Выбрать главу

— Поддерживаю. Оставайтесь, товарищ инженер. Да дело здесь небольшое, товарищи, — начал сразу же председатель. — Сомнение, конечно, есть… Но обещания руководителя строительства, поддержанные партийной организацией, довольно убедительны. Давайте пока согласимся с тем, что на строительство надо направить постоянного уполномоченного РКП, и все.

Надо было обдумать это предложение. Председатель снова сел. Саид-Али уперся плечом о косяк двери.

— Удобно ли будет? — нерешительно возразил Щапов.

— А я против этого предложения, — сказал член ЦКК, рабочий железнодорожных мастерских, и поднялся со своего места. — Для меня картина вполне ясна.
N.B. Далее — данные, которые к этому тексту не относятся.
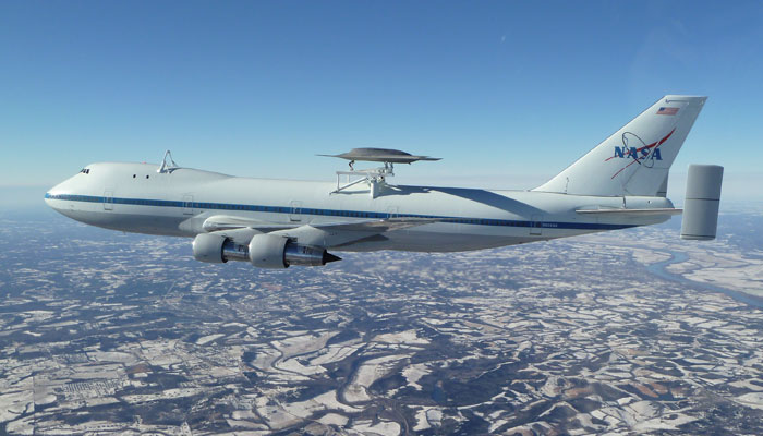 The Shuttle Carrier Aircraft, NASA 905, carries the Phantom Ray, a 36-foot stealth unmanned combat air vehicle (UCAV) manufactured by Boeing Integrated Defense Systems, on a 50-minute test flight at Lambert International Airport in St. Louis, Missouri on 13 December 2010. This was the first time in its 33 years of service that the Shuttle Carrier bore an aircraft other than the space shuttle.

Уполномочивать нового человека — значит не доверять ни начальнику, ни тем паче партийной организации, которым мы так охотно сегодня верим. Я предлагаю составить акт сегодняшнего обследования и передать его в комиссию Совета Труда и Обороны.

Это предложение не вызвало споров.

Члены комиссии крепко пожали руку Саиду. В рукопожатиях Мухтаров почувствовал доверие, и это наполнило его новыми силами и спокойствием. Но он также понял, что его враги ведут с ним ожесточенную борьбу. К тому же все эти неполадки, срывы на строительстве! Разве секрет, что они не случайны и что не только теми причинами, о которых он говорил комиссии, надо их объяснять!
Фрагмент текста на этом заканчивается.